Hart Heads To Hong Kong With A Win At Lamplight

Jun 5, 2008 - 10:00 PM

This young equestrian reigned over her competitors for three days to capture another title.

The pressure was doubled for Rebecca Hart at the USEF Para Equestrian National Championships and Paralympic Selection Trials, held concurrently at the Lamplight Equestrian Center in Wayne, Ill., May 17-18.

Hart wasn’t only competing for the championship title but also for one of the six slots on the 2008 U.S. Paralympic Equestrian Team.

“It’s been an ultimate goal of mine,” she said of the chance to represent the United States in Hong Kong. “I thought this year I had a really good chance.”

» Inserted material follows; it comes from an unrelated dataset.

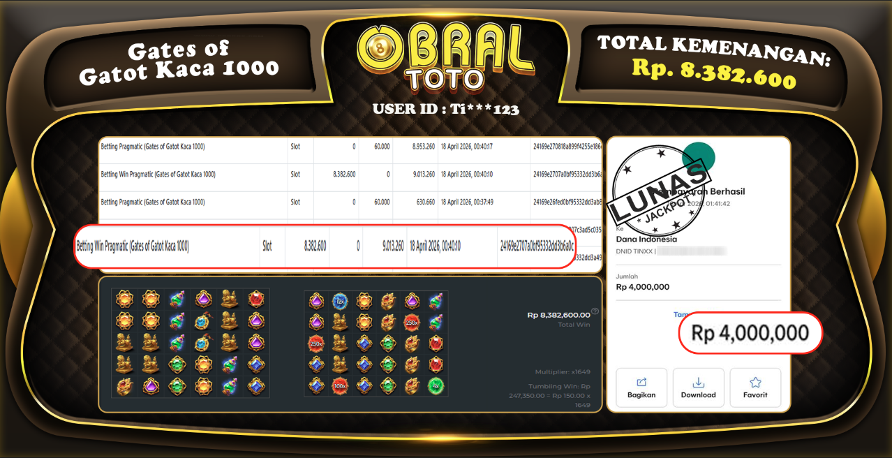 OBRALTOTO – Selamat Kepada Pemenang User id : Ti***123 JP Gates of Olympus 1000 Rp 8.382.600 – 20 APRIL 2026 – Situs game online terpercaya dengan bukti jp yang telah resmi dan terjamin di Indonesia, memberikan pengalaman bermain yang aman dan menyenangkan bagi para penggemar game online. Dengan hadirnya OBRALTOTO , pemain dapat menikmati kemudahan akses ke berbagai permainan seru, peluang memenangkan hadiah besar, serta keuntungan menarik yang telah disiapkan khusus untuk para member lama maupun member baru. Platform ini dirancang untuk memberikan kenyamanan dan keamanan, sehingga setiap pemain dapat fokus menikmati permainan sekaligus meraih keuntungan maksimal.

With her partner of four years, Norteassa, Hart fulfilled not one, but both of her goals. Consistent performances put her at the top for the title during the weekend, and Hart was officially named to the 2008 Paralympic team four days after her victory.

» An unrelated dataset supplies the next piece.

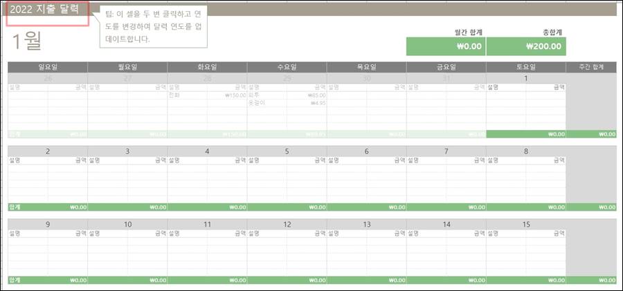 마지막으로 살펴볼 달력은 가계부로 사용가능한 지출 달력입니다.

Thrilled to win the title as the 2008 USEF National Para Equestrian Champion, she anxiously awaited May 22 for the official announcement for the riders named to the team. Upon receiving the good news, she said, “I was so excited when I read the e-mail. I went into an afternoon of a phone fest and texting nonstop!”

At the competition, Hart finished ahead of veteran para equestrian rider and 2007 national champion, Lynn Seidemann on Phoenix B, whom Hart rode at the 2003 Para Equestrian World Championships
in Belgium.

“Coming into the competition, I wasn’t thinking about beating [Seidemann], just keeping my horse relaxed and focused. I wanted to do the best I possibly could,” said Hart.

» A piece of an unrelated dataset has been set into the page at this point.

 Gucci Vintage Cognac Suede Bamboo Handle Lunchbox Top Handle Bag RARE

A grade II competitor, Hart’s tests require her to execute moves at a walk and trot. An initial score of 69.68 percent in the team test the first day put her behind Seidemann, but she turned in stronger performances in the next two phases, scoring a 74.09 percent in the individual championship test. Her strength in the freestyle phase didn’t go unnoticed, either, as she was rewarded with her highest score of the weekend, 74.81 percent, and the overall championship.

“I was feeling confident on Friday with him. Saturday, he was a little more amped, and I had a little more to work with,” she said of the 16-year-old Hanoverian gelding. “He gets excited by the music, but Sunday he was great.”

Winning isn’t new to Hart; she earned the same title at the 2006 Para Equestrian Championships in Gladstone, N.J., with her own Nordkap after the pair swept all three classes of the competition. The triumph does, however, mark one of her bigger victories with Norteassa.

“Our final ride Sunday, I feel that was our best one. All the transitions were there, he was completely relaxed and the amount of focus he gave me was amazing,” she said.

The winning partnership, described by Hart as “more or less he fell into my lap,” almost didn’t happen. While traveling as an alternate with the 2004 U.S. Paralympic Team, Hart came across the gelding in the Netherlands. At the time, he was owned by Rebecca Eisner of California, also the sponsor of Phoenix B when Hart competed at the World Championships.

“He was reserve for the team, and I wasn’t planning on even trying him. I was looking at another horse,” she said. “I sat on him, and we really kind of clicked with each other. Our personalities work really well,” she said.

After purchasing Norteassa, Hart maintained a busy schedule between school and riding. She’s competed as a para equestrian for the past 10 years and before was an active hunter/jumper rider. An international business and accounting major at Penn State University, the 24-year-old senior managed to ride horses fulltime until taking off this past semester to focus on the Paralympics.

“I really was constantly balancing my schedule, and it took some time to figure it out after I bought Norteassa,” she said. “But I wouldn’t ever give it up.”

Hart trains with Missy Ransehousen of Blue Hill Farm in Unionville, Pa. Ransehousen was selected as the coach for the 2000 Paralympic team and will coach at the 2008 Paralympics as well.

Though Norteassa was already a well-trained horse when she bought him, Hart credited Ransehousen for helping her turn him into a stronger partner.

“Basically we’ve been working to keep him settled and focused and improve his walk. We’ve really worked to make him more relaxed, and I think he’s really come a long way,” she said of the pair’s progress.

The youngest team member, Hart will join Robin Brueckmann, Barbara Grassmyer, Keith Newerla and Seidemann to train with Ransehousen before they travel to Hong Kong in August. The U.S. team is currently ranked fourth in the world, and this year’s team combines veterans, such as Brueckmann, 50, with new talent such as Hart.

Anticipating her first Paralympic Games, Hart said confidently, “I feel really good about preparing in the next three months. I’m ready for this, and I feel positive about my horse too. I’m really excited and looking forward to representing the United States.”